• **Requirement**:
Return the whole listing unchanged. Drop the images.

• **Data supplied**:

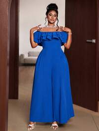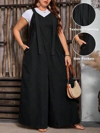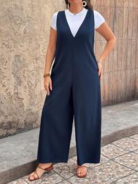 EMERY ROSE CURVEEMERY ROSE Plus Size Women's Summer Casual Vacation Solid Military Green Short Sleeve Jumpsuit With Pockets,Early Spring,Spring Break Outfits ,Vacation Outfits Women ,Holiday Outfits For Women,Spring Clothes Women,Going Out Outfits,2026 New Clothes,Simple And Fashionable For Everyday Wear,Boho Jumpsuit,Wide Leg Capri Jumpsuit ,Comfortable And Breathable
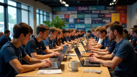 Large group of young programmers working on laptops in modern coworking space. Focused men developers in matching shirts participate in hackathon or coding competition. Tech teamwork atmosphere
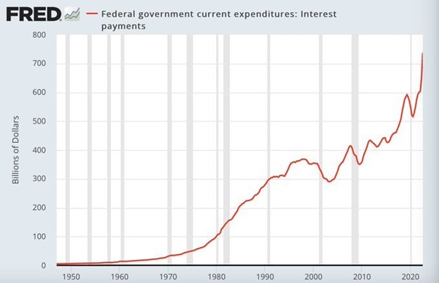 Einfach ausgedrückt: Wie und warum können wir so sicher sein, dass das nächste QE-Programm das bisher größte sein wird? Das ist ganz einfach eine Frage der Mathematik. Als die Zinsen im Jahr 2022 stiegen, stieg der Haushaltsposten "Zinsen auf die Staatsverschuldung" auf fast 750 Milliarden Dollar im Jahr an. Sollten die Zinsen weiter steigen, würde diese eine Ausgabe bald andere "notwendige" Staatsausgaben wie Sozialausgaben und Verteidigung in den Schatten stellen. Dies kann und wird nicht zugelassen werden.
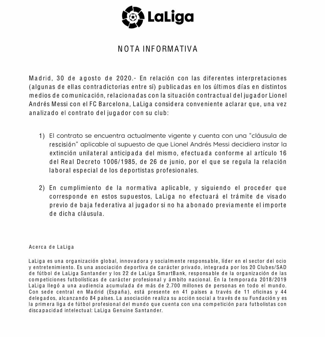 "Във връзка с различните интерпретации, публикувани в последните дни в различни медии, отнасящи се за ситуацията с договора на Лионел Андрес Меси с Барселона, Ла Лига смята, че е необходимо да разясни нещата, след като анализира договора на играча с клуба:
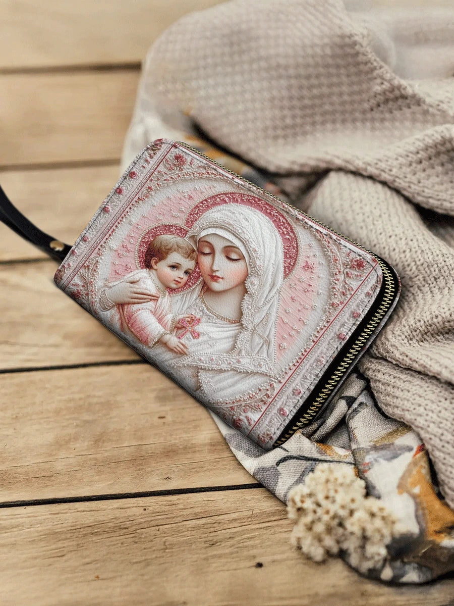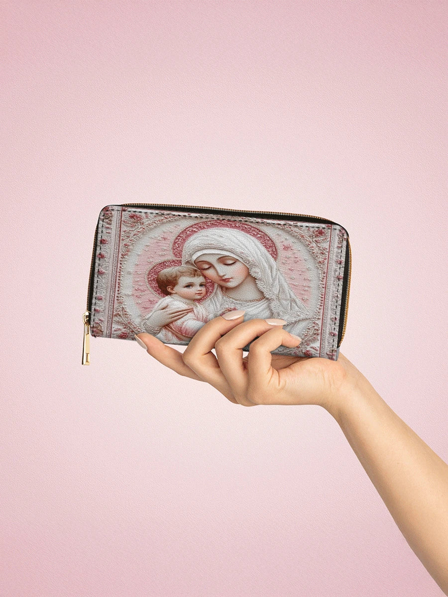 Catholight Sacred Serenity: The Madonna’s Tender Embrace - Leather Wallet Purse

• **Response area**:
 EMERY ROSE CURVEEMERY ROSE Plus Size Women's Summer Casual Vacation Solid Military Green Short Sleeve Jumpsuit With Pockets,Early Spring,Spring Break Outfits ,Vacation Outfits Women ,Holiday Outfits For Women,Spring Clothes Women,Going Out Outfits,2026 New Clothes,Simple And Fashionable For Everyday Wear,Boho Jumpsuit,Wide Leg Capri Jumpsuit ,Comfortable And Breathable
 Large group of young programmers working on laptops in modern coworking space. Focused men developers in matching shirts participate in hackathon or coding competition. Tech teamwork atmosphere
 Einfach ausgedrückt: Wie und warum können wir so sicher sein, dass das nächste QE-Programm das bisher größte sein wird? Das ist ganz einfach eine Frage der Mathematik. Als die Zinsen im Jahr 2022 stiegen, stieg der Haushaltsposten "Zinsen auf die Staatsverschuldung" auf fast 750 Milliarden Dollar im Jahr an. Sollten die Zinsen weiter steigen, würde diese eine Ausgabe bald andere "notwendige" Staatsausgaben wie Sozialausgaben und Verteidigung in den Schatten stellen. Dies kann und wird nicht zugelassen werden.
 "Във връзка с различните интерпретации, публикувани в последните дни в различни медии, отнасящи се за ситуацията с договора на Лионел Андрес Меси с Барселона, Ла Лига смята, че е необходимо да разясни нещата, след като анализира договора на играча с клуба:
 Catholight Sacred Serenity: The Madonna’s Tender Embrace - Leather Wallet Purse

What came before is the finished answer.